The boy, Michael DiGirolamo, who was 11 months old at the time of the incident, was unhurt. He was later adopted by a woman believed to be Rosario DiGirolamo’s sister, according to published reports.
Also indicted by the grand jury Jan. 9 was John A. Russo Jr., 44, of Staten Island, N.Y. Mr. Russo, a former close friend of Mr. DiGirolamo, is charged with one count of fourth-degree tampering with evidence. He is accused of helping Mr. DiGirolamo clean up the Hightstown apartment and suggesting a Staten Island pond as a site to dispose of Ms. Giordano’s remains.

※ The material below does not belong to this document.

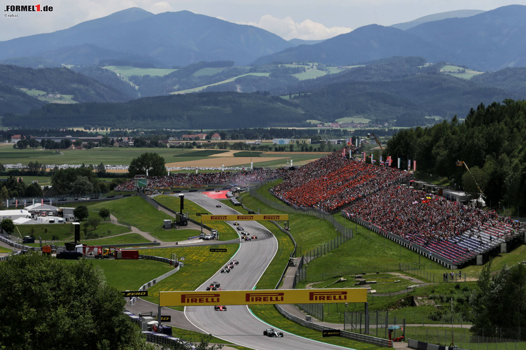 Eine herbe Enttäuschung war der Rennsonntag in Österreich für zehntausende Max-Verstappen-Fans aus den Niederlanden, die die Tribüne zwischen erster und zweiter Kurve komplett in Orange eingefärbt hatten. Der Red-Bull-Pilot wurde am Start Opfer einer Kettenreaktion, als ihn Fernando Alonso (McLaren) umdrehte. Der Spanier konnte aber selbst nichts für den Zwischenfall, sondern wurde seinerseits von einem übermotivierten Daniil Kwjat (16./Toro Rosso) von hinten getroffen.

Mr. Russo helped lead law enforcement officials to that pond, where some of Ms. Giordano’s remains were found in a suitcase that also contained photos of the baby boy.
If convicted, he could face a maximum sentence of 18 months in prison.

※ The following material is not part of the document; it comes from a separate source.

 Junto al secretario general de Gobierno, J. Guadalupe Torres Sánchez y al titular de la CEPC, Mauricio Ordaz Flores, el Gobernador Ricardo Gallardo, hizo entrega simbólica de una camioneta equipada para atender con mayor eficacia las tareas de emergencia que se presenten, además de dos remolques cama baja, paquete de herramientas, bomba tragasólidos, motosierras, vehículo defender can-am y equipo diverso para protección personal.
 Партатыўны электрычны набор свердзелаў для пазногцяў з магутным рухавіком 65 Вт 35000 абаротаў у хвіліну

Mr. DiGirolamo’s wife, Maria DiMaggio, with whom he had parented another son, filed for divorce in the summer.
Prosecutor Joe Bocchini credited Detective James Francis of the prosecutor’s homicide unit, Detective Michael Rosica of the New Jersey State Police, Detective Benjamin Miller of the Hightstown Police Department and Detective Jose Gonclaves of the Monmouth County Prosecutor’s Office with the successful investigation leading to Mr. DiGirolamo’s arrest and indictment. Assistant Prosecutor Tom Meidt, chief of the Homicide Unit, presented the case to the grand jury.